Midwife visit was fine, met my proper midwife, who was lovely. My blood pressure was up but not badly so (130/90) but she said I could be getting lows sometimes to make me dizzy. That didn't make sense to me knowing my blood pressure - she tried to put me through to the team at the hospital but they told me to go to A&E or my GP. So I called the GPs, the stroppy receptionist told me they only had an emergency appointment. Knowing the hospital had said to get a same day appointment at the GP I said I'd have to take that then. I was really worked up about the GP not taking me seriously, but she was absolutely fantastic. Very much a 'you know your body better than we can' sort, after she discussed all my options and concerns she said she better listen to the blood pressure, told me to relax, think of being around the Christmas tree with a good movie on the telly, had a listen then said 'well that can't have been a relaxing movie as you're 145/110!'. So she's upped my tablets to almost double the dose, told me to rest this week with my feet up and see what the consultant says on Monday.

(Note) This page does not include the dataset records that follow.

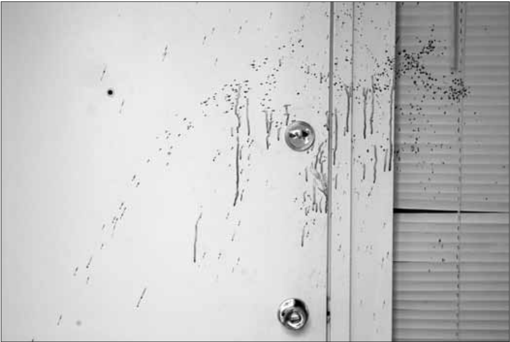
Figure 1-10 Do blood spatters alone prove criminal activity?

Source: Reprinted from American Jurisprudence Pleading and Practice Forms, AJPP Evidence § 75 with permission of Thomson Reuters/West.
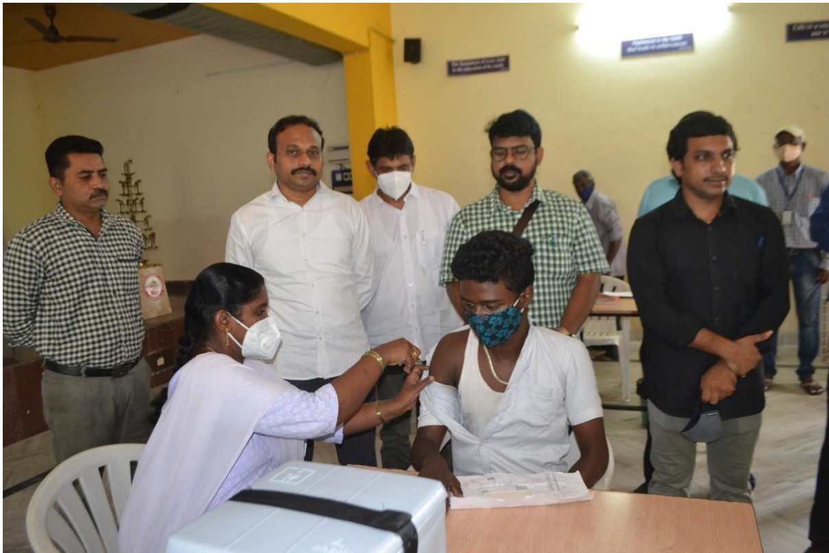
Vaccination of Students and Staff
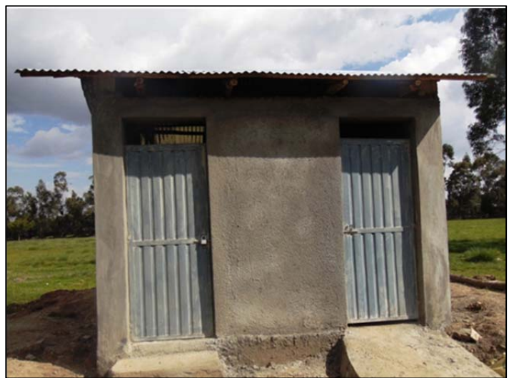
Figure 3. Shurmo Witbira VIP Latrine

The project was successfully carried out between September 2016 and June 2017.
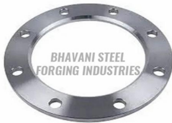
Mild Steel Industrial Flange
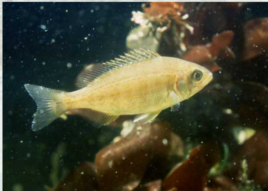
A young Black Sea-Bream Spondyliosoma cantharus

Each month, at least one special marine image will be published from images sent to the BMLSS. This can be of the seashore, undersea world or any aspect of the marine natural world, especially the underwater life, but not restricted to life beneath the waves. Topical inclusions may be included instead of the most meritorious, and images will be limited to the NE Atlantic Ocean and adjoining seas, marine and seashore species and land and seascapes.
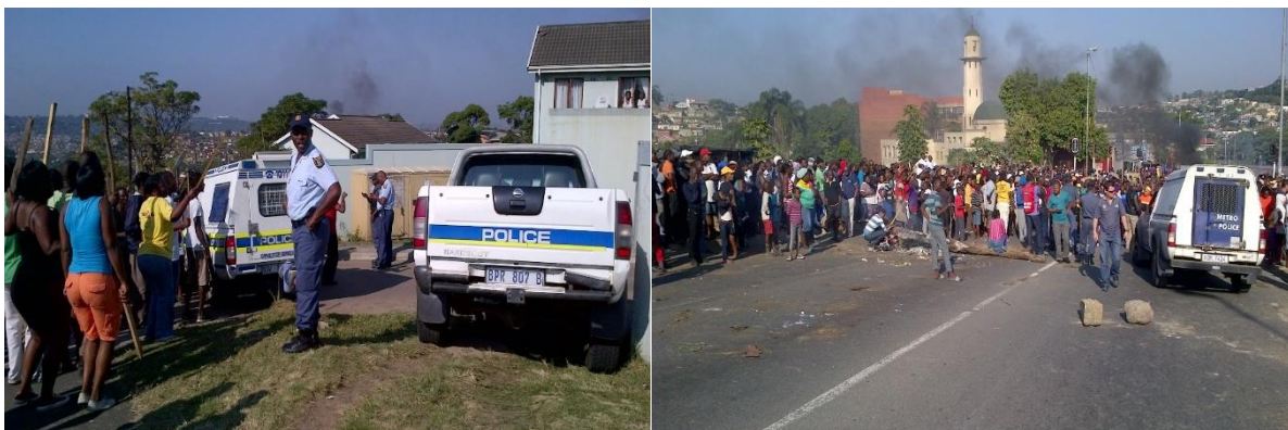
Plate 4: Confrontation between residents and police
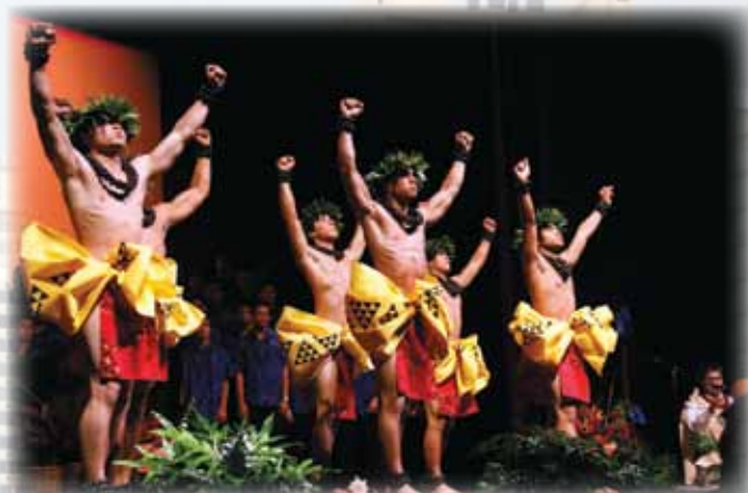
Hawaiian dance performance by students of Kamehameha Schools during the APEC Voices 2011 Opening Ceremony.

Dignitaries such as the United States Congresswoman, Mazie Hirono, and Honorable Peter B. Carlisle, Mayor, City and County of Honolulu, and invited guests attended the ceremony.
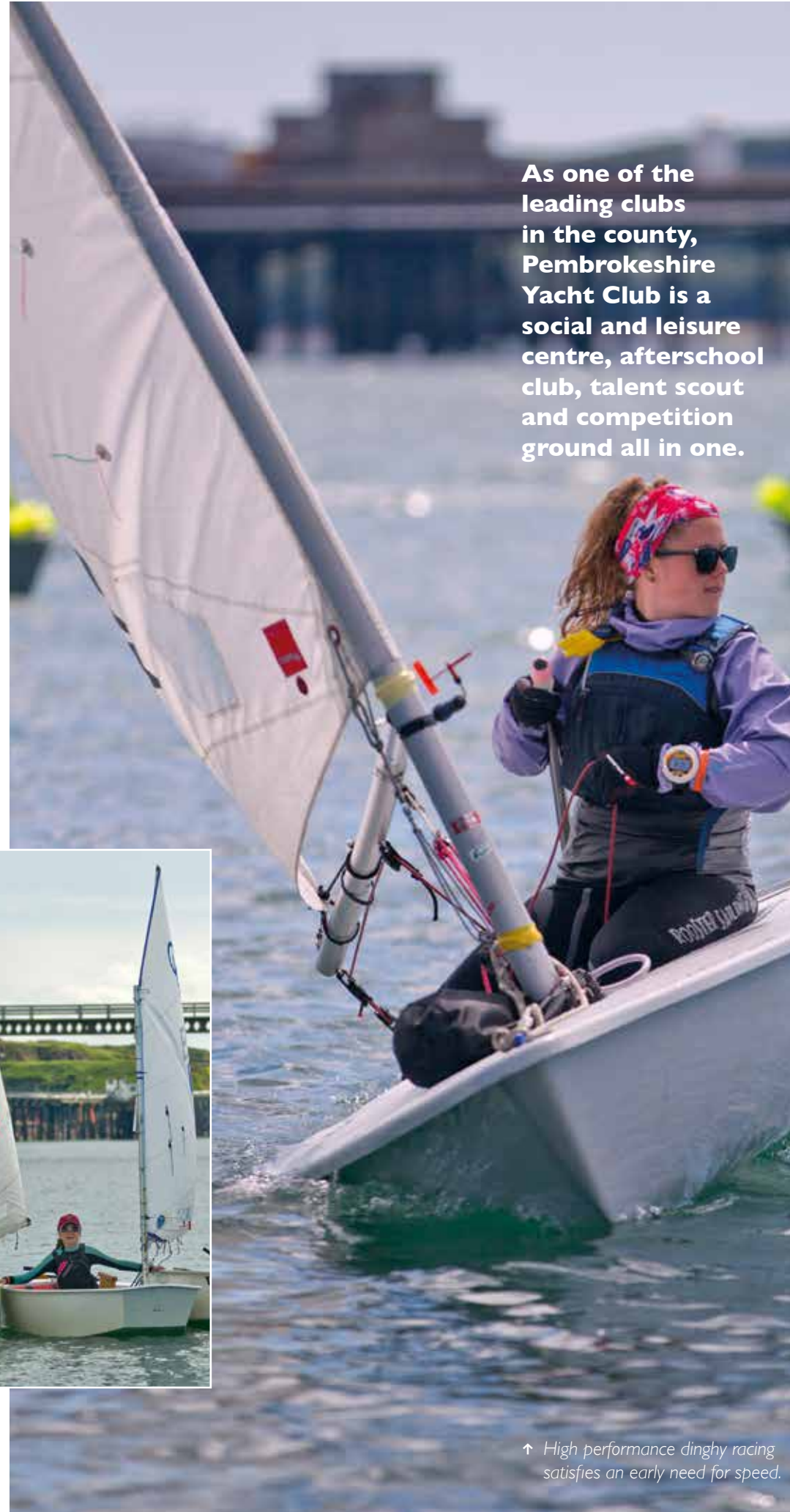
↑ High performance dinghy racing satisfies an early need for speed.

“What I love is that these kids get so much more than sailing skills when they come here. They start thinking for themselves.”
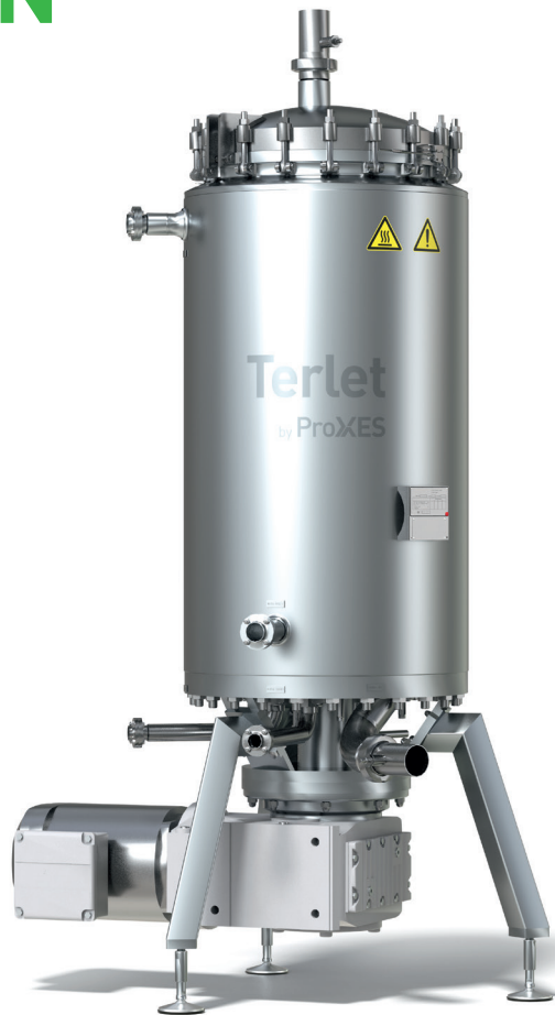
Terlotherm Continuous fast heat exchanger
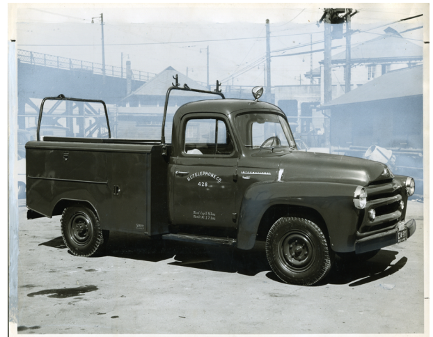
BC Tel Truck 1956
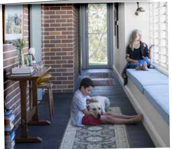
Bricks have been featured throughout the hallways to create a contemporary industrial feel.
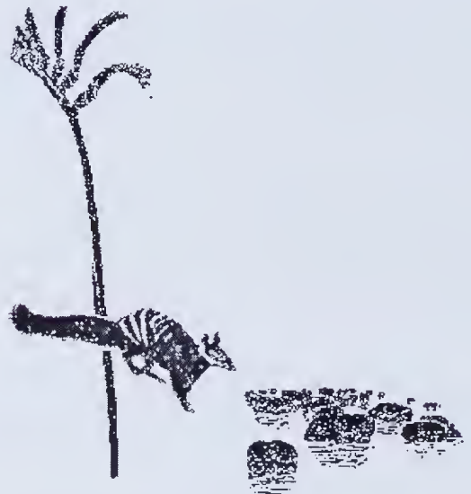
Figure 8. Emblem of the Journal of the Royal Society of Western Australia (by J Taylor).
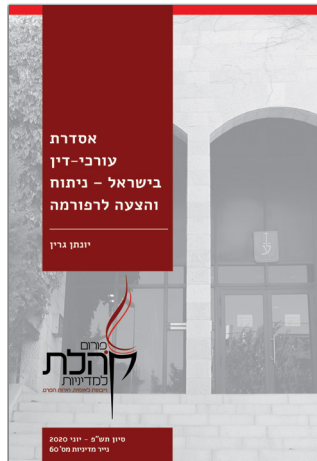
סיון תש"פ - יוני 2020 נייר מדיניות מס' 60
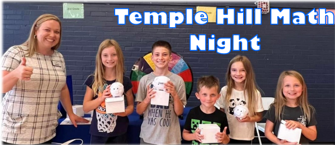
Temple Hill Math Night

What makes Clinchfield FCU different? This! We are honored to be able to help and participate in so many activities in our community because of you, our members! Thank you for your membership and the opportunity to serve you and our community.
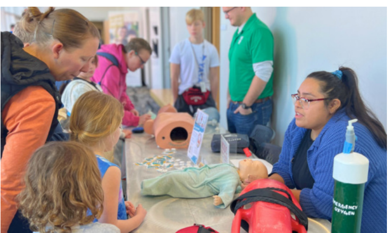
*Special events may be subject to change or cancellation. Visit our website or the front desk for more information about these events.
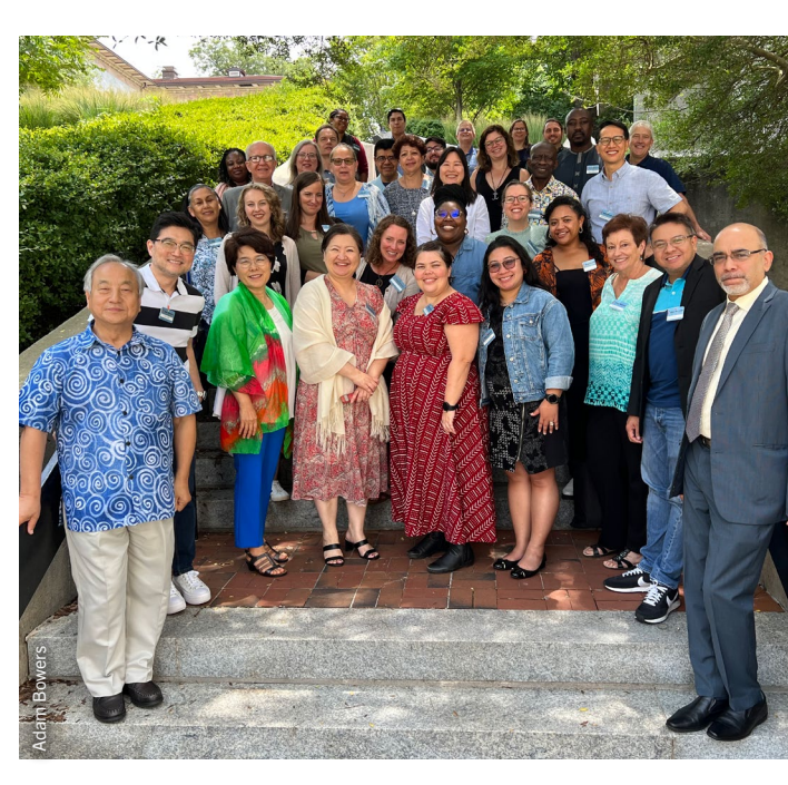
In the "Guiding Principles of Missionary Service" consultation held at Emory University's Candler School of Theology in Atlanta, Ga., Global Ministries convened a group of missionaries, mission staff, board members and ecumenical partners to reexamine and renew its practices of missionary sending.
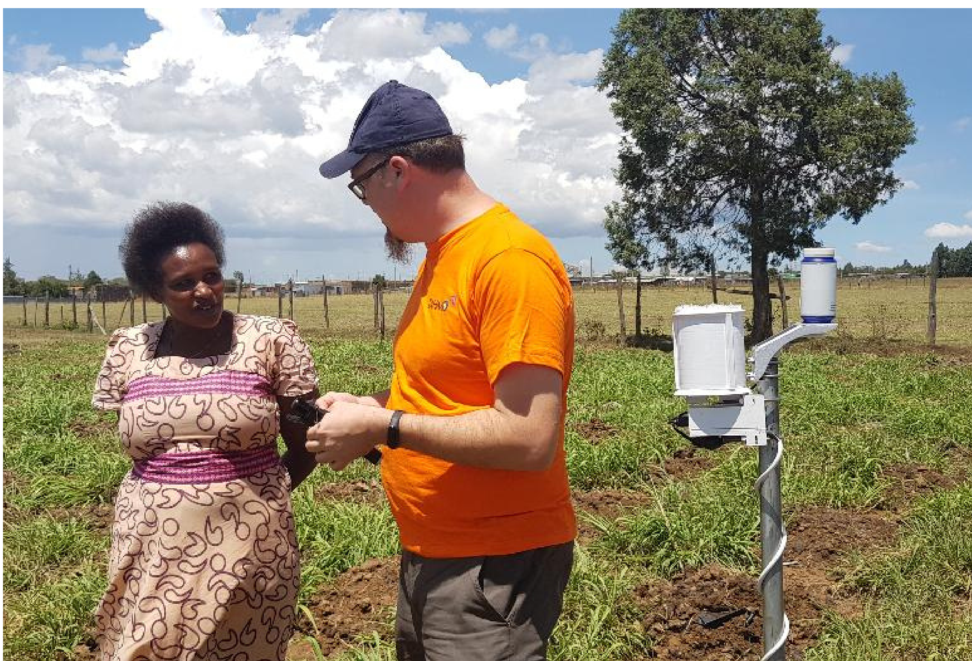
Services for farmers

The idea behind the TAHMO initiative is to develop a dense network of hydro-meteorological monitoring stations in sub-Saharan Africa – one every 30 km. This entails the installation of 20,000 stations across the continent.
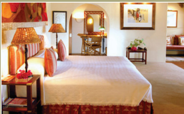
Room at MalaMala Main Camp
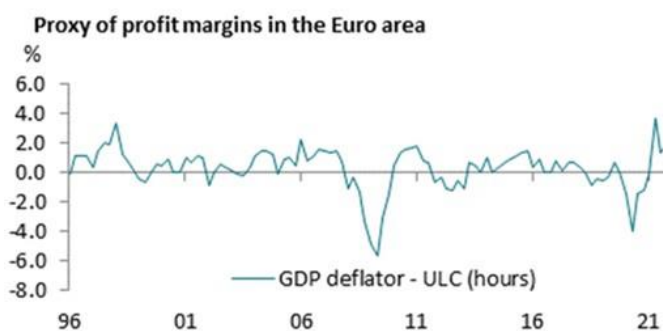
Exhibit 1 – Margins are plentiful – but it’s mostly a mechanical rebound
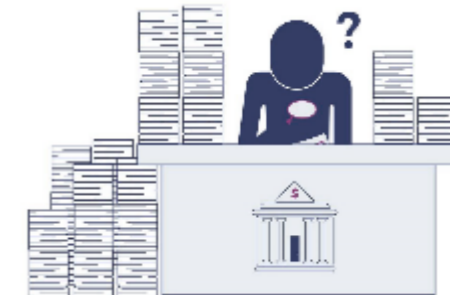
Lack of audit trail
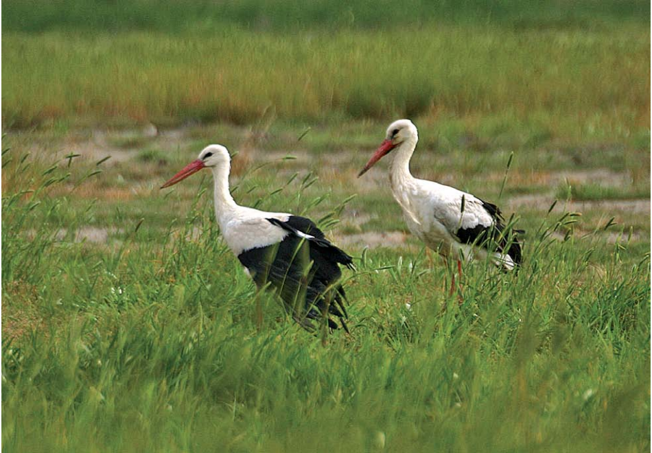
Fig. 2 – Couple of Ciconia ciconia , during feeding in the Plain of Gela.
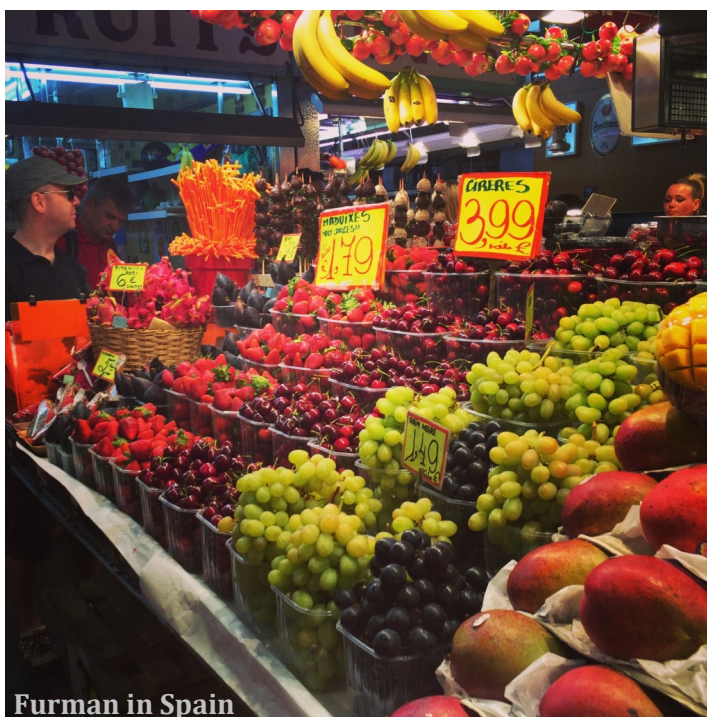
Furman in Spain

You must notify your bank or credit card company of your travel plans . Otherwise they might disable your card after your first charge abroad, thinking that it may be a fraudulent charge. Most European credit cards have a built-in chip card and require a pin code. If your credit card does not have a chip and a pin, it may not be accepted in Europe.
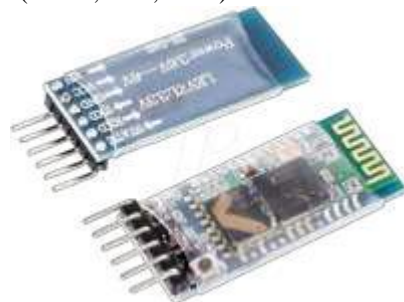
Figure 1. Bluetooth HC-05 Module

Bluetooth is a wireless data communication module that uses radio frequencies. The main function of this module is to replace the serial communication that used to be wired now to be wireless. Bluetooth consists of two types of devices, namely Master (data sender) and Slave (receiver). This HC-05 module is set by 9.600 bps by default (can be customized between 1200 bps to 1.35 Mbps). There are 2 types of types namely Bluetooth Module HC-06 series which can only act as slave devices, and Bluetooth Module HC-05 can also play a role as a bluetooth master device or slave, by default slave. (Dendi, Dkk, 2016).
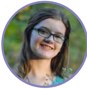
Mattison Bell Stanley Weinberg Memorial Scholarship $1,000
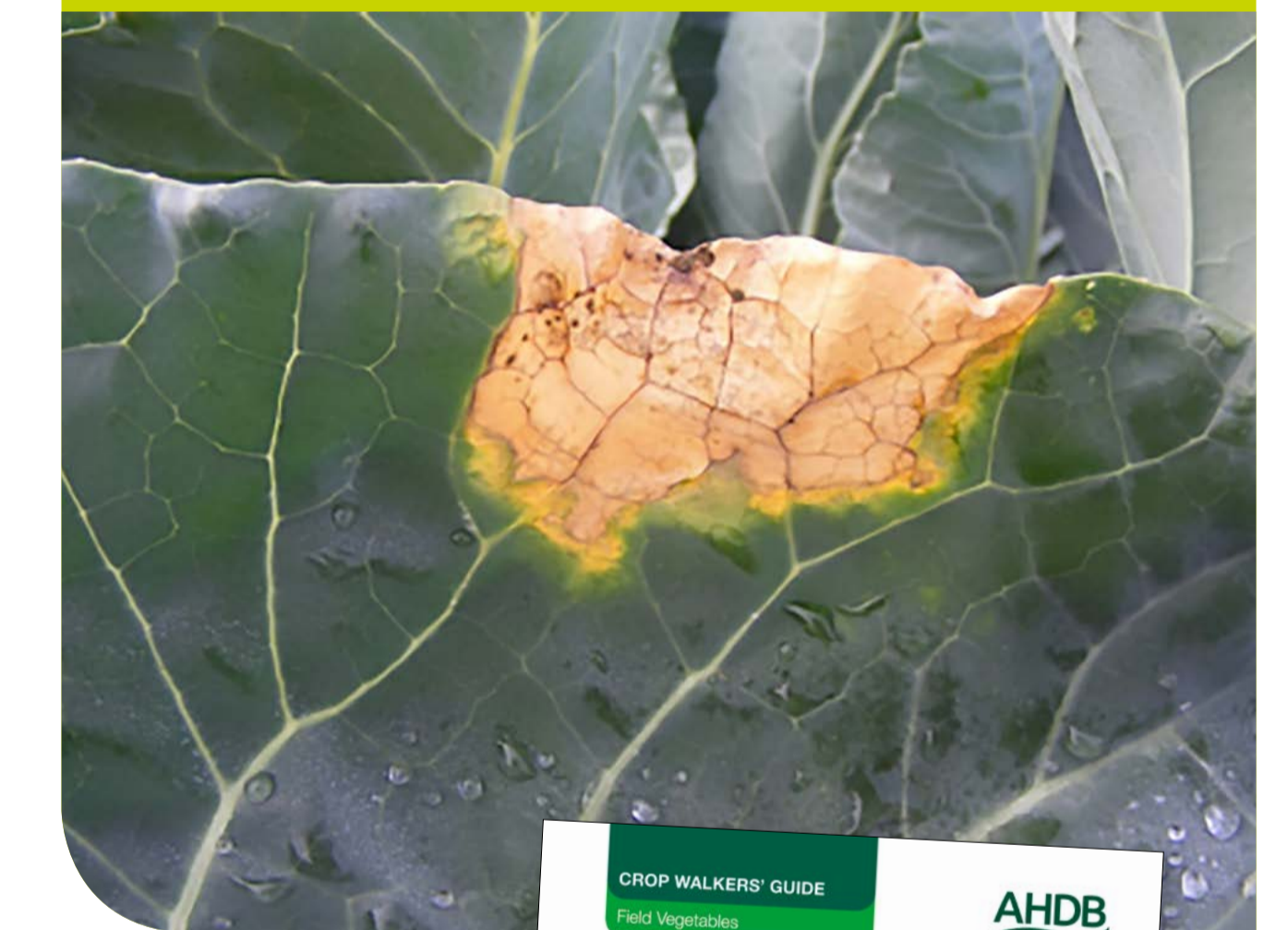
Xanthomonas black rot X. campestris pv. campestris

In her opinion I'd be better on bed rest for the rest of the pregnancy - she offered to sign me off now. However I'm really concerned about letting the team and my manager down at work, and them thinking badly of me for being on the sick for 5 months. The other side of my head says stuff work take every precaution to make this pregnancy go as well and for as long as possible, you won't care about your employer in ten years time but you will still care about your baby more than you ever did even now about work. What would anyone else do? Should I sign myself up for 5 months of lying on the sofa with my feet up, or be a good soldier and keep going in as long as I can? 

On the positive side the midwife felt my tummy, told me baby is growing well for 16 weeks (a huge relief as high bp = tiny babies) and listened in with the doppler. She found the heartbeat immediately and told me he's incredibly active, he kept kicking the doppler just like during the 12 week scan. She said it was a bit hard to get a good listen as he just kept squirming away. Apparently he's going to keep me awake once I can feel the kicks as he's a wriggler!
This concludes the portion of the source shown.